Le rapport de la Commission nationale sur les causes de la crise financière et économique aux États-Unis, rendu public jeudi, confirme beaucoup d'éléments connus. Ce qui ne lui enlève rien de sa valeur, au contraire. Cette brique abondamment documentée est une police d'assurance contre tous ceux qui tenteront de réécrire l'histoire.

Le rapport de la Commission nationale sur les causes de la crise financière et économique aux États-Unis, rendu public jeudi, confirme beaucoup d'éléments connus. Ce qui ne lui enlève rien de sa valeur, au contraire. Cette brique abondamment documentée est une police d'assurance contre tous ceux qui tenteront de réécrire l'histoire.

«Cette crise financière était évitable.» La première conclusion de la commission créée par le Congrès américain est aussi la plus importante. Elle cloue le bec à tous ceux qui entretiennent l'idée que la débâcle de septembre 2008 est une espèce de catastrophe naturelle impossible à prévoir. S'il est vrai que le moment exact et l'ampleur du cataclysme auraient difficilement pu être prédits, il faut aussi admettre qu'on a ignoré les signaux inquiétants.  

La détérioration du marché hypothécaire résidentiel était évidente bien avant la crise.
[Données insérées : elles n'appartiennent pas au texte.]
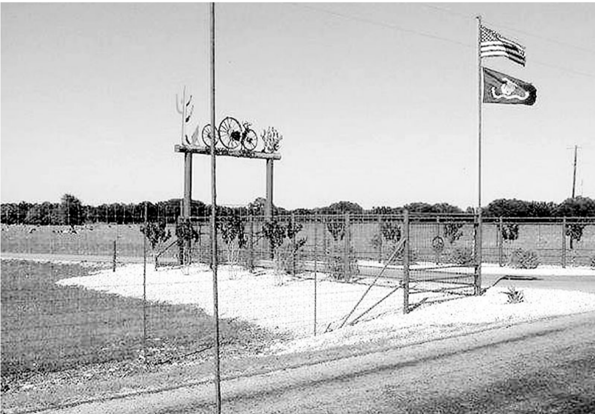
كروفورد مستعدة لاستقبال الامير عبدالله

كروفورد.. مركز صناعة القرار الأمريكي الجديد التي تبعد ١٢٠ ميلاً عن مدينة دلاس بولاية تكساس لها اسرارها ودها ليها واروتها الخاصة بها التي لم يتم الكشف عنها بعد كروفورد التي انشئت عام ١٨٦٧ والتي اصبح يطلق عليها سكانها دولة بوش Bush Country انتزعت من البيت الابيض الاستقبالات والمحادثات الرسمية التي كانت تعقد به لعدد من زعماء العالم. فالرئيس الأمريكي جورج بوش الذي اشترى مزرعة خاصة به في هذه المدينة الصغيرة عام ١٩٩٩ عندما كان يتقلد في تلك الفترة منصب حاكم ولاية تكساس بدأ بتقليد جديد باستضافة بعض زعماء العالم منذ فوزه في انتخابات الرئاسة الأمريكية الأولى واستمر في هذا التقليد حتى الان حيث يستضيف اليوم الاثنين بمزرعته الخاصة سمو ولي العهد الذي يزورها للمرة الثانية..

Au milieu des années 2000, près d'un emprunteur sur 10 prenait l'option ARM, qui lui permettait de faire des paiements si minimes que son capital restant dû augmentait. La proportion d'acheteurs en défaut de paiement quelques mois après avoir contracté leur prêt a pratiquement doublé entre 2006 et 2007.  

Et pourtant, le secteur financier affichait un appétit insatiable pour les titres adossés à ces créances de plus en plus fragiles. La complaisance des agences de notation et la titrisation ont faussé la perception des risques, mais le milieu a aussi contribué activement à sa chute.

Les structures de rémunération incitaient à augmenter les risques et l'effet de levier, c'est vrai. Ils ne rendaient cependant pas aveugle. Les témoignages et la correspondance cités dans ce rapport l'établissent hors de tout doute: plusieurs personnages de cette tragédie financière étaient conscients, dans certains cas atterrés, des dangers de leurs pratiques.

Les autorités financières passent aussi un sale quart d'heure. Trente ans de déréglementation et d'autorégulation n'excusent pas tout, conclut la Commission. «(Les autorités) avaient amplement de pouvoirs dans plusieurs domaines et ils ont choisi de ne pas les exercer», dénoncent les auteurs.

Les membres de la Commission nommés par les républicains (quatre sur 10) se sont inscrits en faux. Ils rejettent la thèse du manque d'encadrement réglementaire, et plusieurs conclusions du rapport. Pourtant, leur dissidence n'altère en rien la portée du document, qui tient davantage à la reconstitution minutieuse des événements qu'à leur interprétation. Les millions de pages et les quelque 700 témoignages recueillis dans le cadre de cette enquête ont une valeur inestimable. Les faits et les responsabilités que tant de gens se sont employés à ignorer avant la crise sont désormais impossibles à nier.

Le chapitre n'est pas clos pour autant. Comme le signalait une firme de consultants au forum économique de Davos cette semaine, plusieurs des risques présents avant et durant la crise sont encore là. Va-t-on continuer à les ignorer?